START EXTRACTED MATERIAL

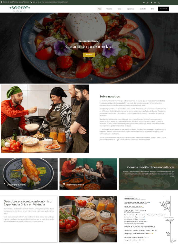 El resultado fue un sitio web listo para atraer visitas, generar reservas y convertirse en el auténtico escaparate digital de Restaurante Secret.
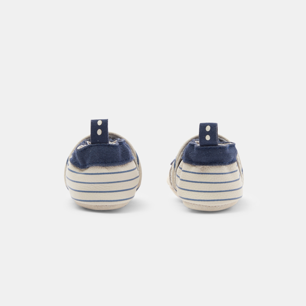 Descriptive These leather booties are essential for protecting your little ones' feet. Easy to slip on with elasticated sides they are comfortable and all-leather so they can be worn barefoot. Flexible sole for use from birth.
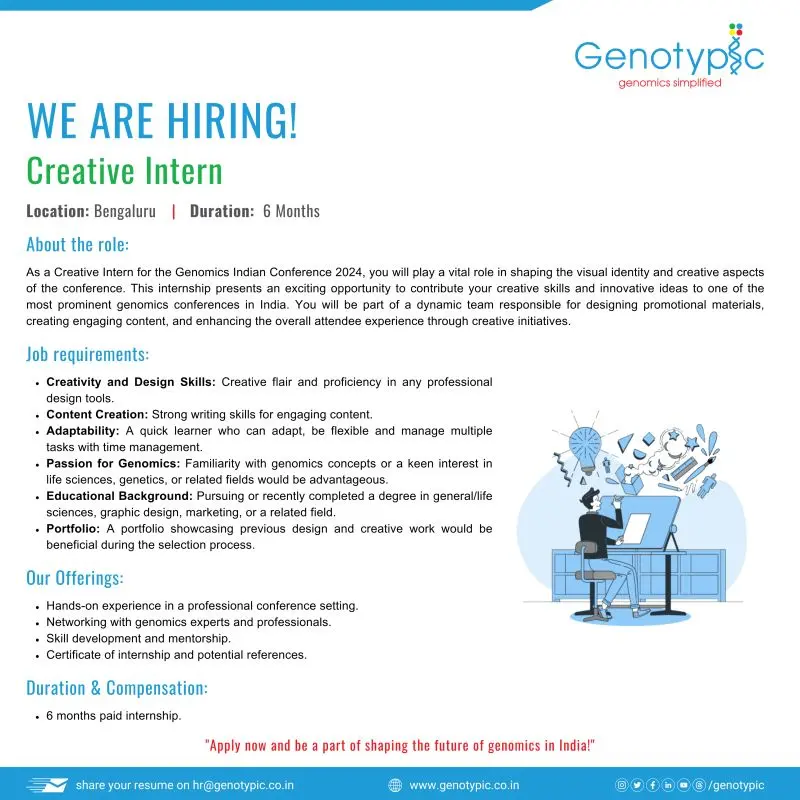 Looking to start your career in life sciences, scientific communication, and event management? Genotypic Technology is hiring Creative Interns for the prestigious Genomics India Conference (GIC) in Bengaluru. This is a 6-month internship designed for students and recent graduates who want hands-on experience in scientific events, branding, and outreach.
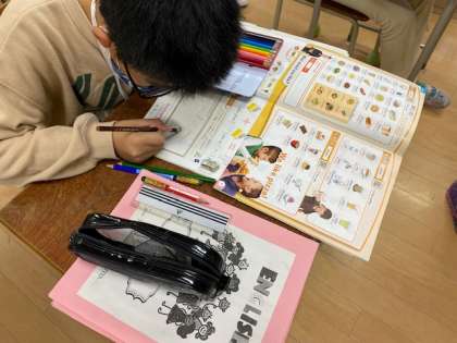 5年生の英語では、「What would you like?」の学習で、自分のレストランのメニューを考えました。1000円以内で好きな食べ物を選びます。和食から洋食、デザートまでたくさんのメニューがあって、なかなか選びきれません。それぞれの好みが詰まったメニューのお披露目は来週です。楽しみです。
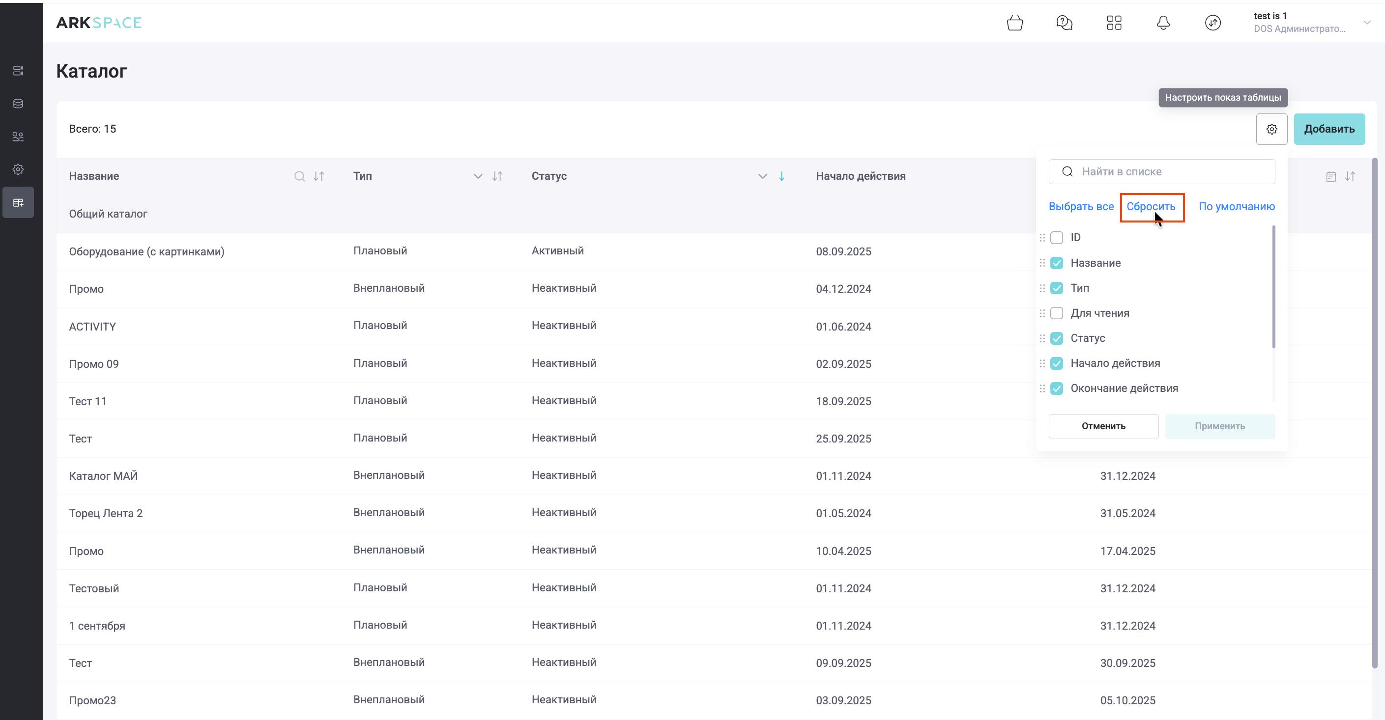 Нажмите кнопку «Сбросить», чтобы снять все чекбоксы со столбцов. После этого пользователь может отметить только необходимые столбцы и нажать кнопку «Применить».
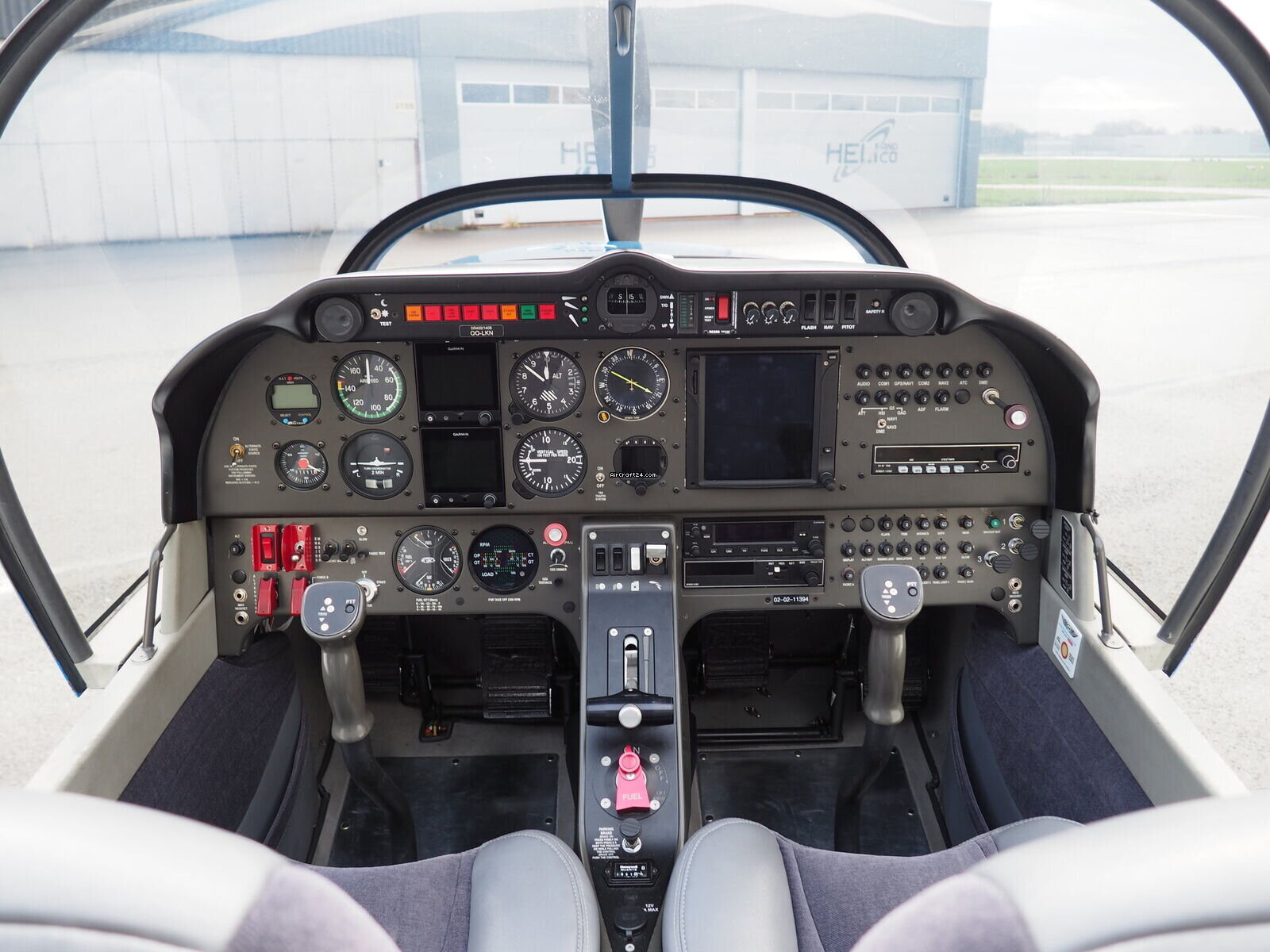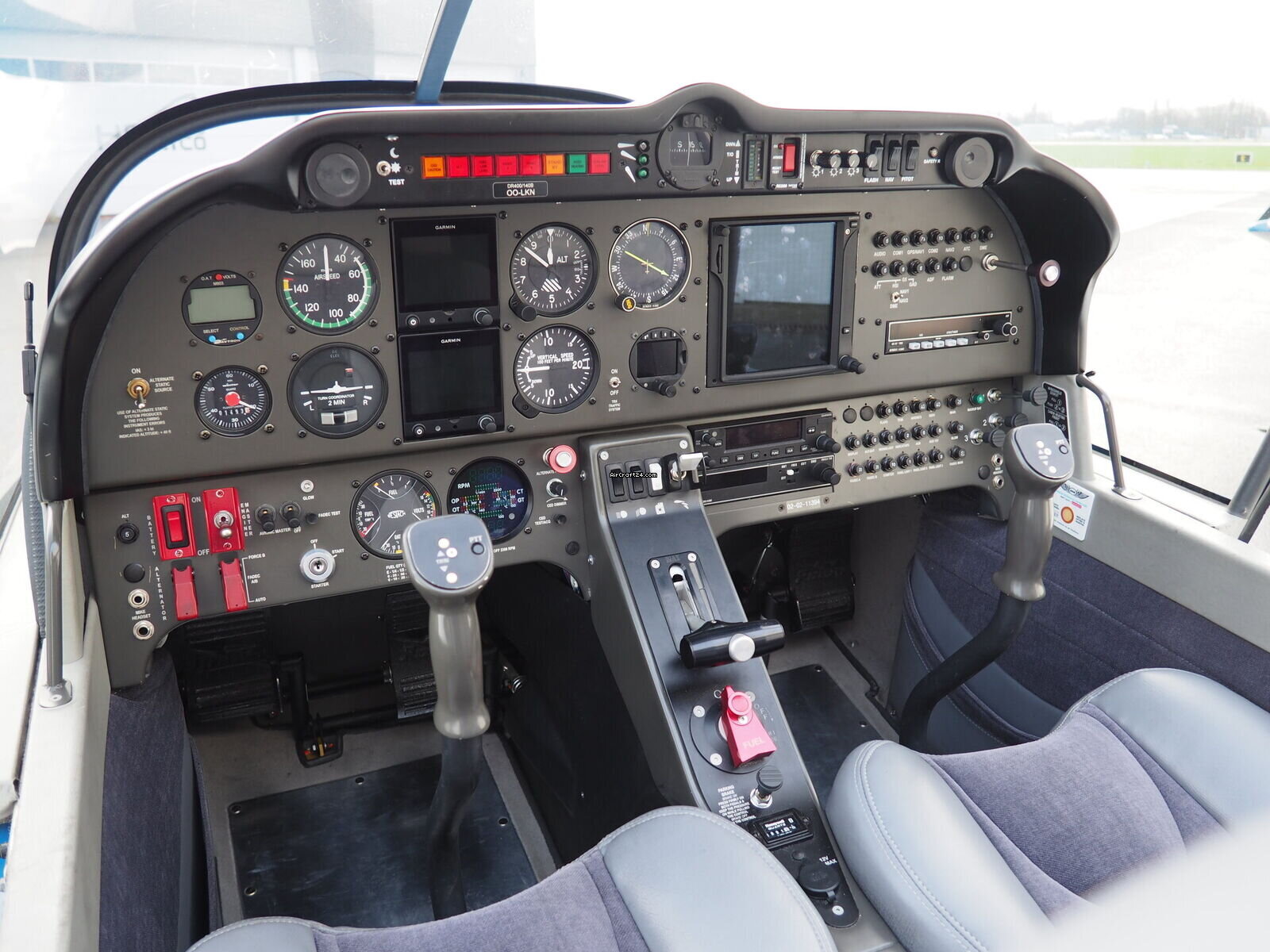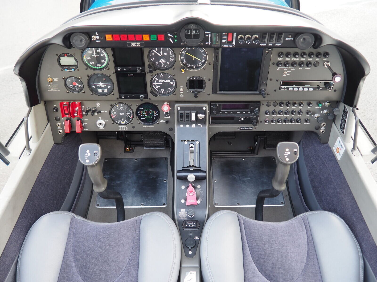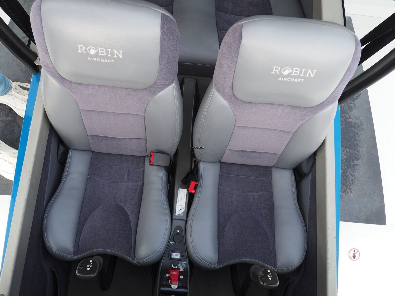 | 内部 | | The cabin of this Robin DR-400 is a testament to thoughtful ergonomics and premium materials, offering a spacious four-seat configuration that ensures comfort for both pilot and passengers. The interior features a striking slate-grey and charcoal upholstery design. The seats are finished in a durable, high-quality fabric with light grey synthetic leather accents for a modern, automotive-style feel. |

END EXTRACTED MATERIAL

WHAT TO WORK ON: Where the line with "Descriptive These leather" appears, begin there and transcribe exactly through the last line of the data, leaving all pictures aside.

FINISHED TASK:
 Descriptive These leather booties are essential for protecting your little ones' feet. Easy to slip on with elasticated sides they are comfortable and all-leather so they can be worn barefoot. Flexible sole for use from birth.
 Looking to start your career in life sciences, scientific communication, and event management? Genotypic Technology is hiring Creative Interns for the prestigious Genomics India Conference (GIC) in Bengaluru. This is a 6-month internship designed for students and recent graduates who want hands-on experience in scientific events, branding, and outreach.
 5年生の英語では、「What would you like?」の学習で、自分のレストランのメニューを考えました。1000円以内で好きな食べ物を選びます。和食から洋食、デザートまでたくさんのメニューがあって、なかなか選びきれません。それぞれの好みが詰まったメニューのお披露目は来週です。楽しみです。
 Нажмите кнопку «Сбросить», чтобы снять все чекбоксы со столбцов. После этого пользователь может отметить только необходимые столбцы и нажать кнопку «Применить».
 | 内部 | | The cabin of this Robin DR-400 is a testament to thoughtful ergonomics and premium materials, offering a spacious four-seat configuration that ensures comfort for both pilot and passengers. The interior features a striking slate-grey and charcoal upholstery design. The seats are finished in a durable, high-quality fabric with light grey synthetic leather accents for a modern, automotive-style feel. |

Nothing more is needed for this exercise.